BEGIN Collected data
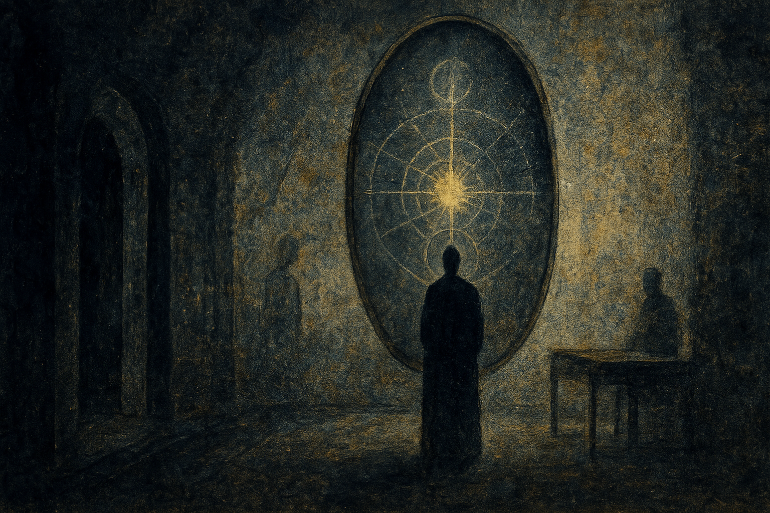 Be precise now, I told myself, because the mind, when it glimpses an aperture, immediately reaches for a catalog where a confession would be more useful; be precise, and so I named what arose: a figure, neither masculine nor feminine, walking the middle pillar within me, ascending by breaths the ladder of the rib bones into a gold that was not color but agreement, and at each rung there was a small relinquishment — an insistence left on the step like an old glove, a doctrine removed like a shoe before entering a room where a child sleeps — and the figure carried a lamp whose light was paradoxically the shadow of a flame I could not see, and in that paradox I felt a widening, as if the very act of not resolving had created a chamber large enough to house a reconciliation I had mistaken for victory.
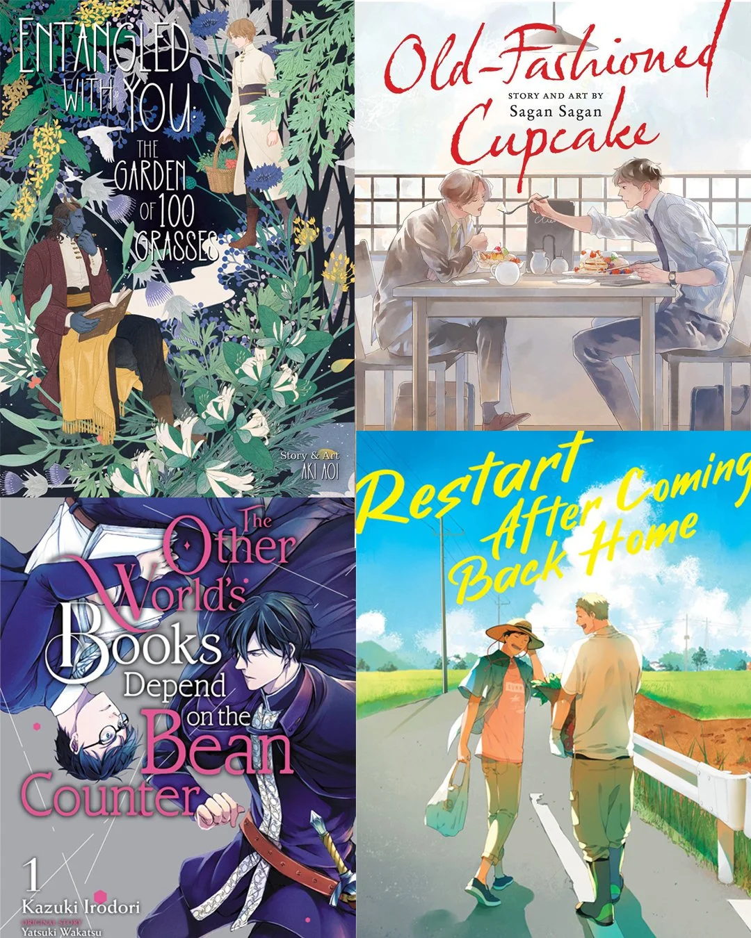 "Are you a fan of BL (Boys-Love) manga? Do you often find yourself wishing you had a community of like-minded individuals to share your passion with? Well, look no further! This club is the perfect place for you to connect with others who share your interests and discover new titles to add to your reading list. The upcoming titles include two fantasies and two contemporary romances such as "Entangled with You: The Garden of 100 Grasses" by Aki Aoi, "Old-Fashioned Cupcake" by Sagan Sagan, "The Other World's Books Depend on the Bean Counter, Vol. 1" by Kazuki Irodori and Yatsuki Wakatsu, and "Restart After Coming Back Home" by Cocomi. Each story promises a unique and engaging experience that will take you on an journey. I look forward to meeting you for these new exciting readings!" Faciliated by: Hediah Wooden-Perdue
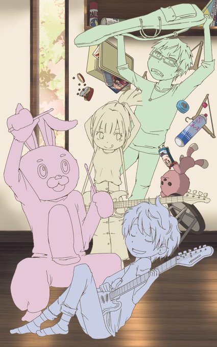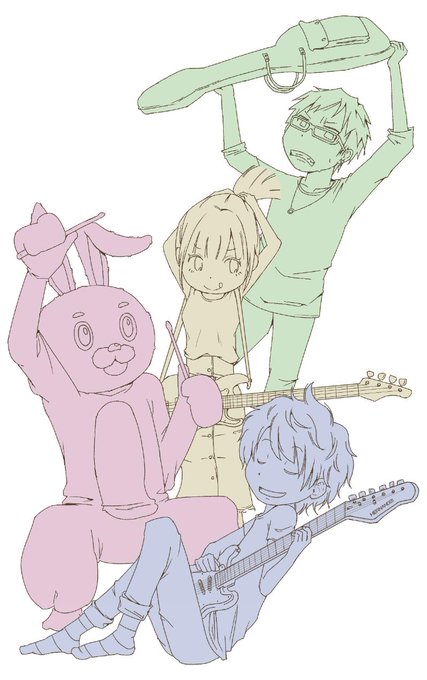 長かった〜!!「ウチの離れが練習に使えるよ!」とか、学生バンドなら誰しも憧れますよねぇ♪そんなことを考えながら描きました。ちなみに女の子とウサギ男は、描いてて兄妹な気がしてきた
END Collected data
What needs to be done: Copy, exactly and exclusively, the lines beginning with the one that contains "by: Hediah Wooden-Perdue" and ending with the last line of the listing; pictures are to be omitted.

Exercise result:
 "Are you a fan of BL (Boys-Love) manga? Do you often find yourself wishing you had a community of like-minded individuals to share your passion with? Well, look no further! This club is the perfect place for you to connect with others who share your interests and discover new titles to add to your reading list. The upcoming titles include two fantasies and two contemporary romances such as "Entangled with You: The Garden of 100 Grasses" by Aki Aoi, "Old-Fashioned Cupcake" by Sagan Sagan, "The Other World's Books Depend on the Bean Counter, Vol. 1" by Kazuki Irodori and Yatsuki Wakatsu, and "Restart After Coming Back Home" by Cocomi. Each story promises a unique and engaging experience that will take you on an journey. I look forward to meeting you for these new exciting readings!" Faciliated by: Hediah Wooden-Perdue
 長かった〜!!「ウチの離れが練習に使えるよ!」とか、学生バンドなら誰しも憧れますよねぇ♪そんなことを考えながら描きました。ちなみに女の子とウサギ男は、描いてて兄妹な気がしてきた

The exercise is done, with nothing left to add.